La psychopathologie de la dépendance à l’alcool s’exprime à travers une entité clinique repérable. Nous nous intéressons donc à la manière dont ces sujets dépendants temporalisent « le temps » à travers des entretiens cliniques inscrits dans des suivis psychothérapeutiques. Les exemples cliniques sur lesquels nous nous sommes appuyés pour écrire cette thèse sont ceux de sujets dépendants à l’alcool, pour la plupart abstinents malgré les rechutes parfois inévitables. Ces patients semblent pour la plupart se présenter comme des « handicapés » de l’après-coup. Le télescopage de l’instant présent avec des évènements traumatiques, le défi au psychique qu’imposent les blackouts alcooliques, la répétition à l’identique, témoignent de l’impossibilité à transformer et de profiter des richesses que l’instant met à notre disposition.

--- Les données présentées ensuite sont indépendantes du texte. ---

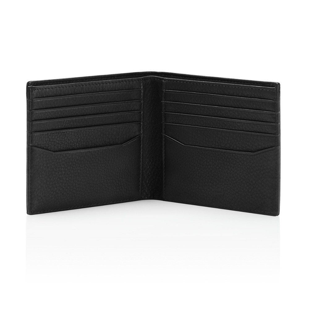 Porsche Design Business Wallet 10cc Wide in black leather Porsche Design Business Man Wallet 10cc Wide in black leather 4056487000725 Wallet in soft, fine leather with natural embossing, the Porsche Design Business collection impresses with its timeless appearance and durability. The stitched edges, the embossed Porsche Design logo and the distinctive V-Line design detail subtly reveal the unique craftsmanship behind the items in this series. The Porsche Design Business Billfold 10 Wide portfolio is also distinguished by its even larger format and spacious and functional interior. With ten credit card slots, two bill compartments and two more larger, eg. for business cards, this wallet offers space for all your important cards and receipts. DETAILS Classic card holder in business style Soft embossed leather with stitched edges and embossed Porsche Design logo 10 credit card slots Double compartment for banknotes RFID protection Dimensions : 95mm x 125mm x 15mm Weight : 100g Lining material : 100% cowhide, lining: 100% polyester Packaging : box, certified dust bag and warranty OSO09900.001Black95mm x 125mm x 15mmPorsche DesignLeatherMan/Woman

Nous faisons l’hypothèse suivante : la psychothérapie d’orientation psychanalytique permet au sujet dépendant à l’alcool de s’inscrire dans une temporalité possible.

La question qui dans cette thèse nous guidera est celle-ci :

Comment dans les rencontres cliniques, le sujet dépendant à l’alcool abstinent se temporalise-t-il ?

Plusieurs questions peuvent donc se poser et elles s’énoncent comme suit : - Existe-t-il véritablement une détemporalisation propre aux sujets dépendants à

l’alcool ? En filigrane, la problématique alcoolique a-t-elle une quelconque réalité ?

- La détemporalisation correspond-elle aux situations où le temps, pour ces sujets, semble déchronologisé, télescopé et éclaté ?

- Face à ses sujets dé-temporalisés ou a-temporalisés, comment pouvons-nous, à partir des entretiens psychothérapeutiques réintroduire l’écart nécessaire à une temporalisation ?

Fort de toutes ces caractéristiques de la temporalisation de l’expérience du sujet dépendant à l’alcool, nous faisons l’hypothèse que la mise en récit par l’écart qu’elle introduit, génère un effet de transformation psychique. Autrement dit, il s’agit de temporaliser grâce aux entretiens cliniques une expérience profondément dé- temporalisée. Afin de mettre à l’épreuve cette hypothèse, au regard de notre pratique, nous présenterons d’abord notre méthodologie de recherche.